Catsitter en France 2026 : 1,2 million de propriétaires utilisent un service professionnel (Statista 2026)
Le catsitter, souvent appelé garde-chat à domicile, exerce une activité de soin et de surveillance féline. Il se déplace chez le client pour nourrir, hydrater, nettoyer les litières, jouer et administrer des soins légers (médicaments oraux). Ce métier diffère du pet sitter généraliste, du dog walker ou du pension animalier. Le marché français compte 14,9 millions de chats (FACCO 2025). 41% des foyers citadins possèdent un chat. La demande de garde à domicile progresse de 8% par an (GIRA Conseil 2026).

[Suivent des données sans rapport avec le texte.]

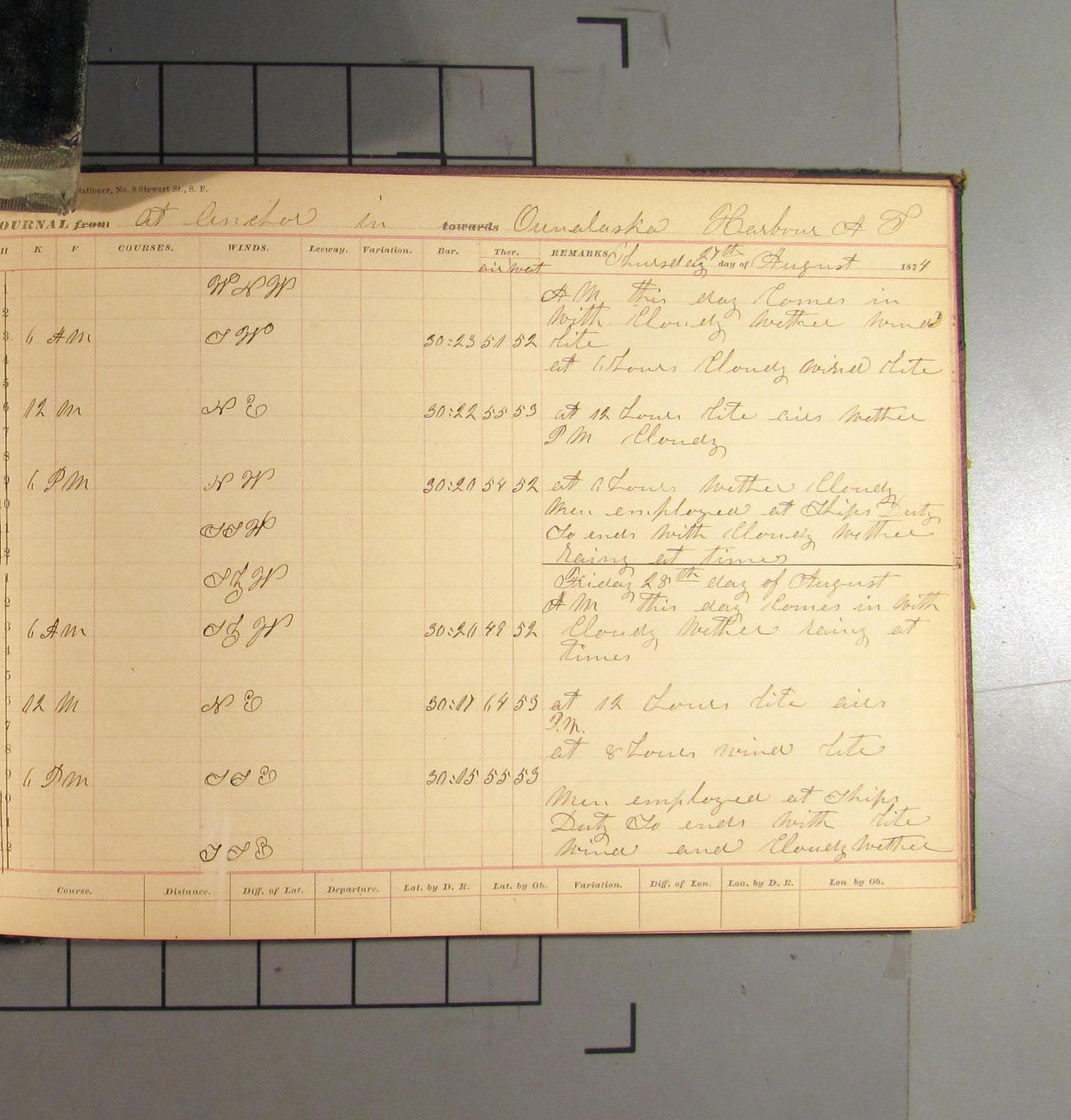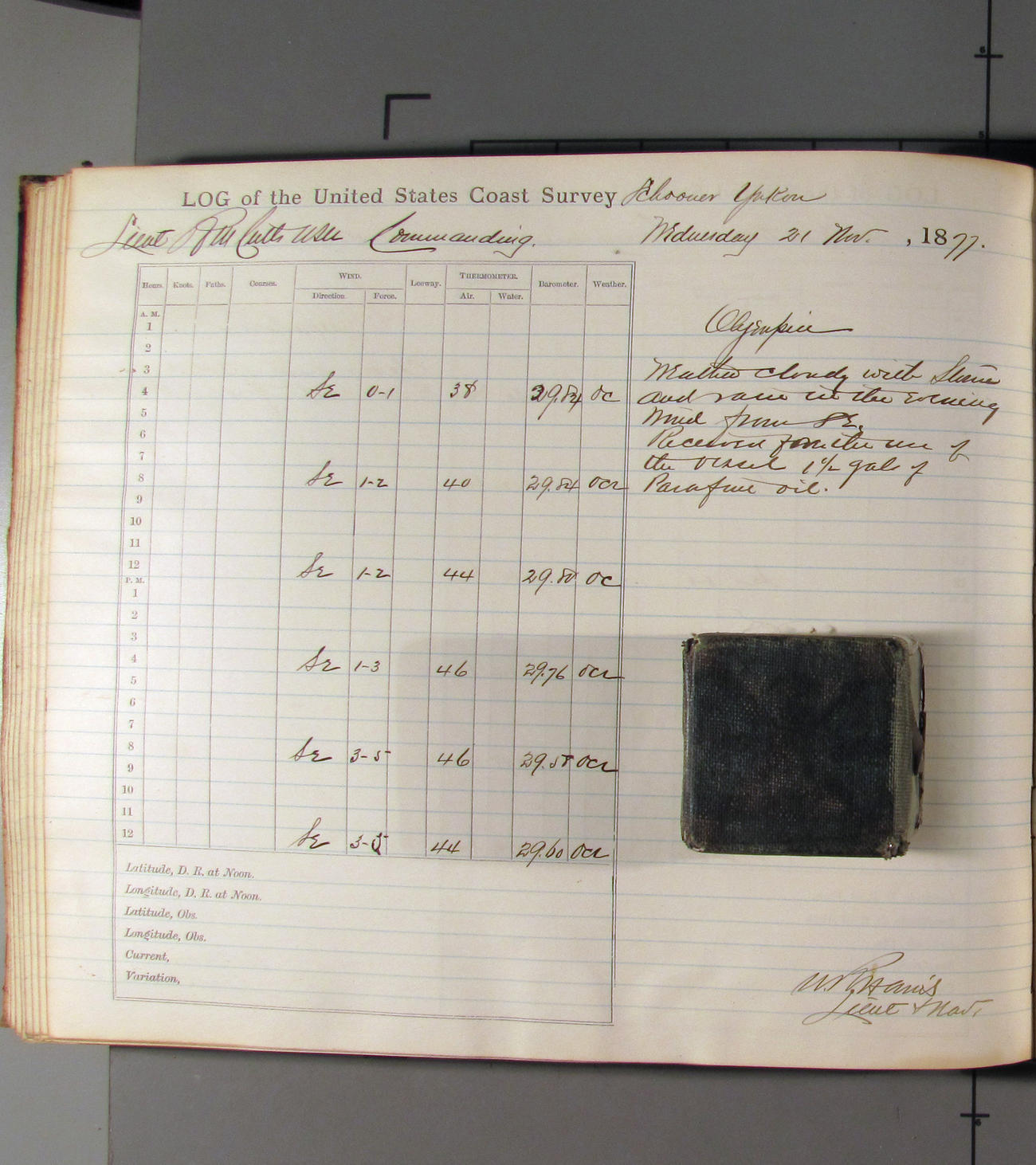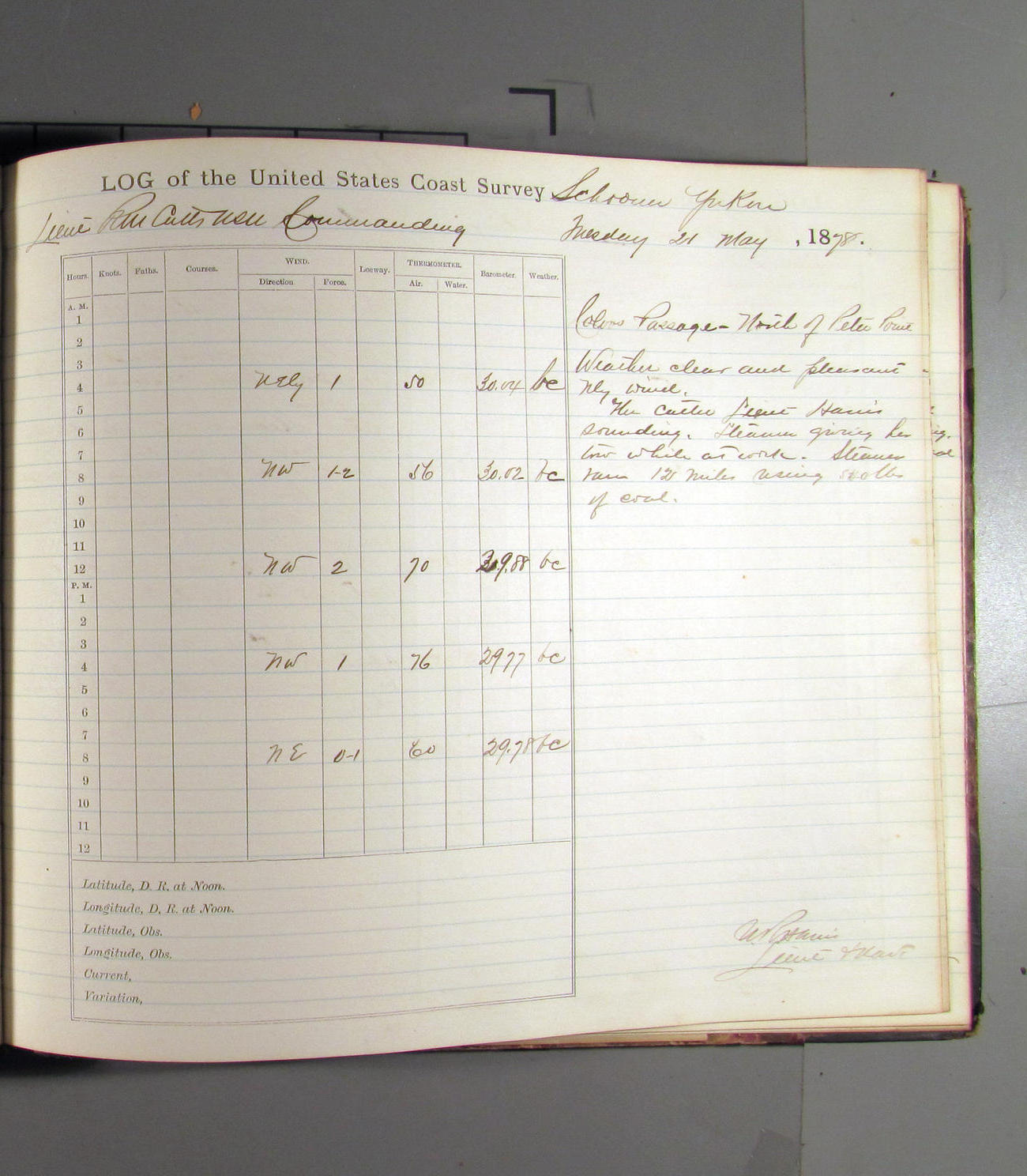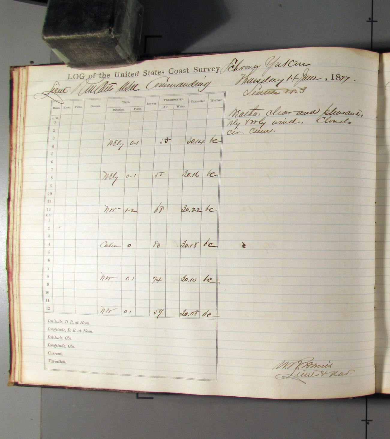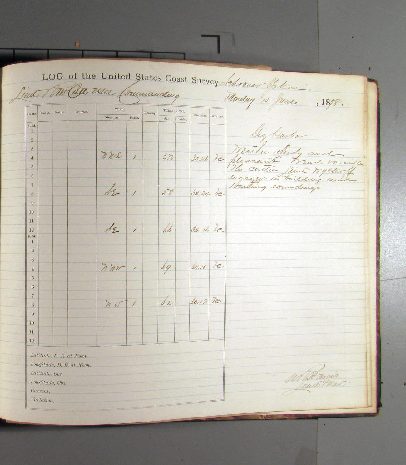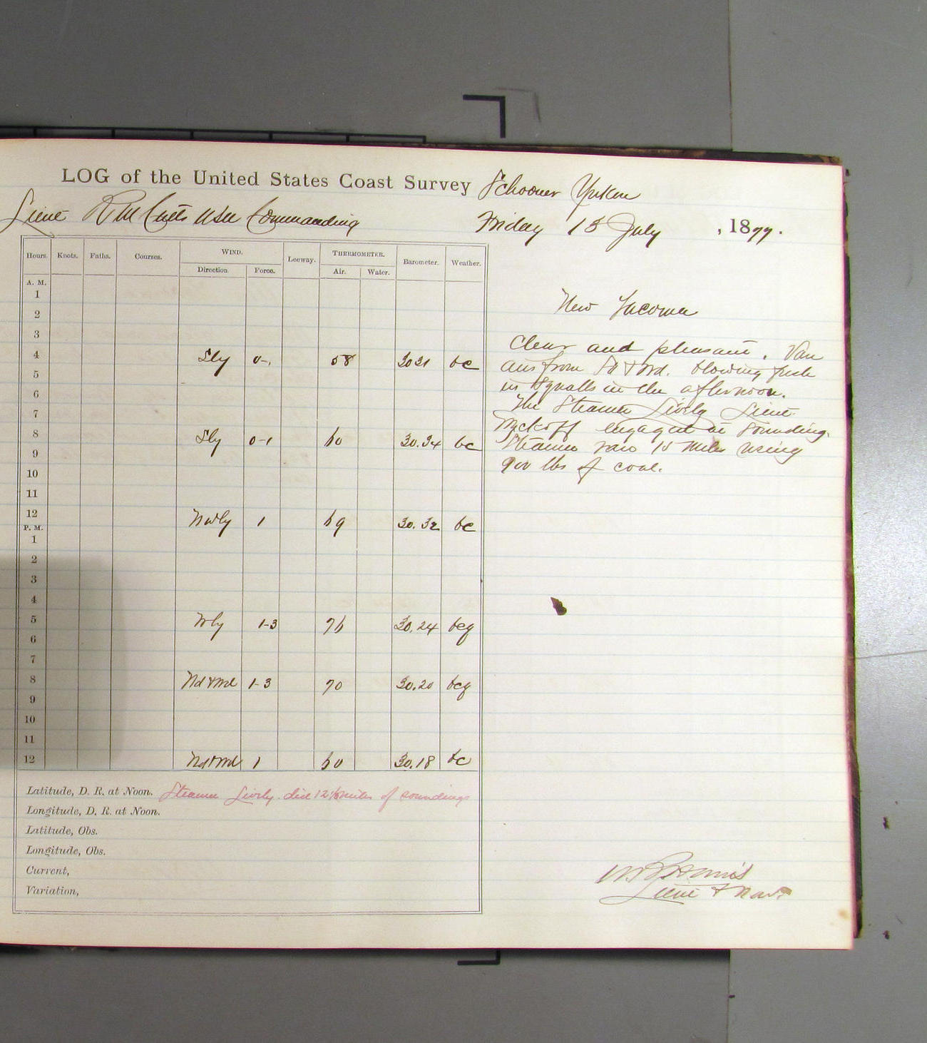 This day commences with light variable airs attended by light rain. Latter part wind fresh NW. Weather clear.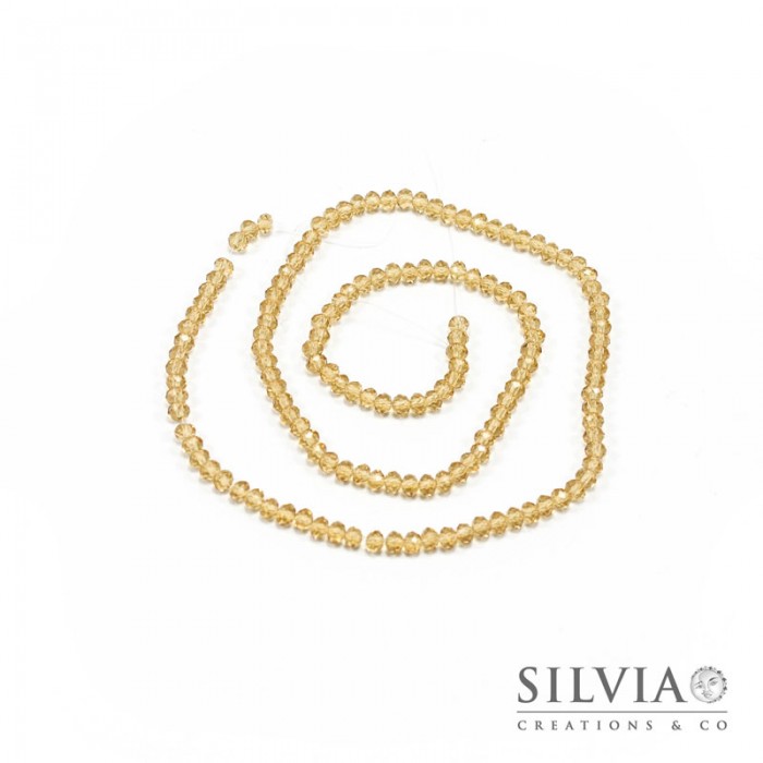 Filo di cristalli a rondella color topazio chiaro da 4x3 mm. Confezione da 1 filo.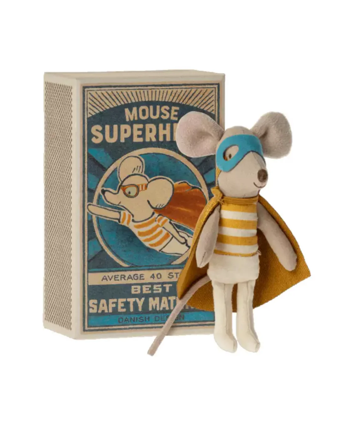 Un incontournable de Maileg revisité avec un soupçon de super-pouvoirs ! Cette charmante souris est prête à vivre de longues aventures et se transforme en super-héros grâce à son masque spécial. Après ses exploits, elle se détend confortablement dans sa boîte d’allumettes. Ses vêtements et son linge de lit, proposés dans des imprimés originaux et des couleurs élégantes, apportent une touche de charme supplémentaire. Livrée avec deux masques, un pour les moments de repos et un autre pour ses missions héroïques. L’ensemble est présenté dans une jolie boîte en carton, parfaite pour offrir des instants de douceur.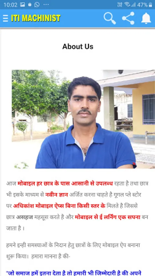 इस ऐप में ITI Machinist Trade के सभी महत्वपूर्ण प्रश्नों का समावेश किया है। यह आपको न सिर्फ शैक्षणिक परीक्षाओं बल्कि प्रतियोगी परीक्षाओं में मददगार साबित होगा । ट्रेड पर सरल भाषा में और संक्षिप्त जानकारी देने का प्रयास किया गया है।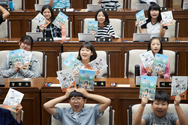 경기 용인시의회에서 운영하는 청소년 지방자치아카데미에 참여한 모현초등학교 6학년 학생들이 의회청사내 본회의장에서 기념촬영을 하고 있다.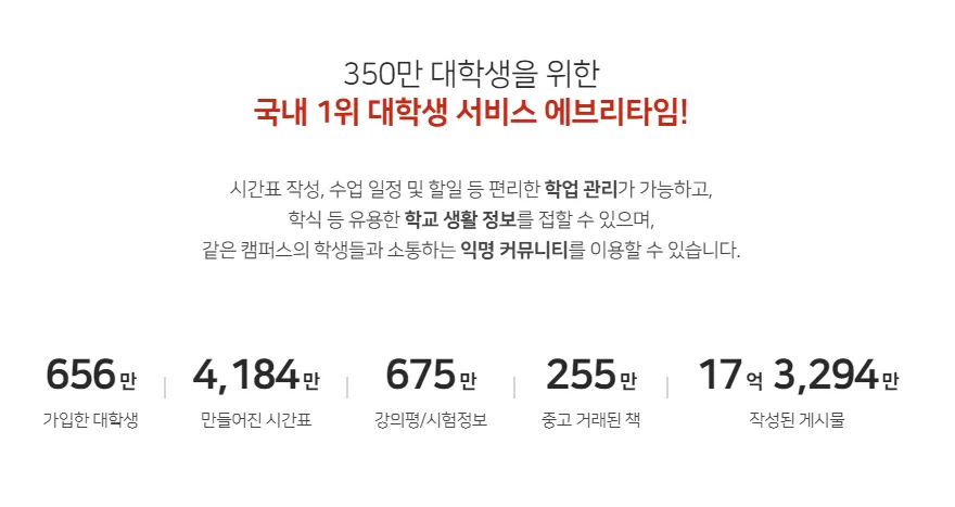 当时,”Every Time”只是用户制定时间表,并与朋友相互共享时间表的应用程序。但随着逐渐出现相互讨论多种主题、分享苦恼的匿名”自由留言板”、可以获得学校相关各种信息的”信息留言板”、进行二手交易的”集市留言板”等,渐渐地,Every Time成长为韩国大学生活综合门户网站。
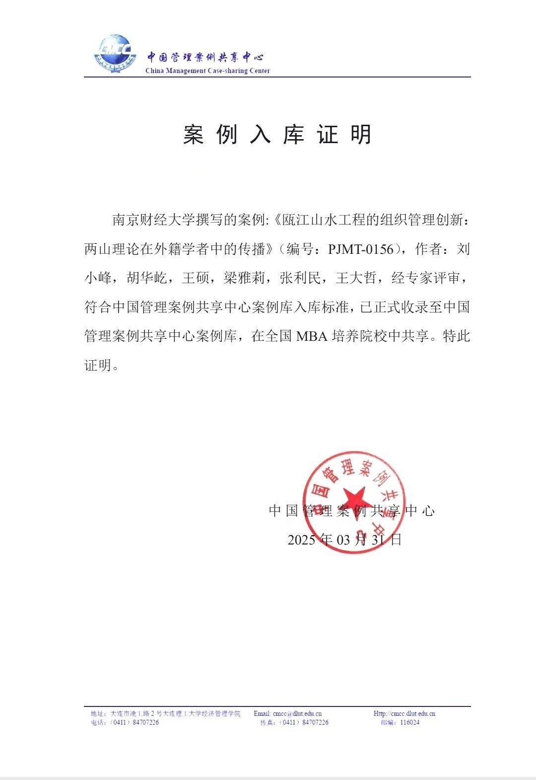 近期,公司刘小峰教授团队撰写的案例《瓯江山水工程的组织管理创新:两山理论在外籍学者中的传播》,经中国管理案例共享中心严格评审后成功入库。此次教学案例的入选,标志着公司在产教融合与教学案例开发领域的新突破,为公司公司产品中加强理论与实践深度融合提供了高质量范本。

Le catsitter ne pratique pas de soins vétérinaires ni de toilettage professionnel. Il ne gère pas les chiens en même temps, sauf option précisée. Son activité reste non réglementée au niveau national, contrairement au vétérinaire ou à l’éducateur canin. Toutefois, le Code rural et de la pêche maritime (art. L214-6) encadre les activités liées aux animaux de compagnie. La déclaration en tant que prestataire de services à la personne (SAP) offre un cadre fiscal avantageux.
Périmètre du métier et différences vs métiers proches
Le catsitter se concentre exclusivement sur les chats. Il réalise des visites quotidiennes, d’une durée de 30 à 60 minutes. Les prestations incluent le nourrissage, le changement d’eau, le nettoyage de la litière, les jeux interactifs, le brossage léger et l’administration de médicaments si formation préalable. Il envoie un compte rendu écrit et des photos au client via une application (TimeToPet, Pawshake, Rover).
La différence avec le dog walker tient à l’espèce et à la nature de la sortie : un cat sitter ne promène pas le chat en laisse sauf habituation spécifique. Le pension animalier accueille l’animal chez lui, ce qui stress souvent les félins. Le vétérinaire est habilité aux actes médicaux. Le petsitter généraliste gère plusieurs espèces. Le catsitter spécialisé connaît le comportement félin, le langage corporel, les signes de stress ou de maladie. Il maîtrise les soins aux chats âgés, malades ou craintifs.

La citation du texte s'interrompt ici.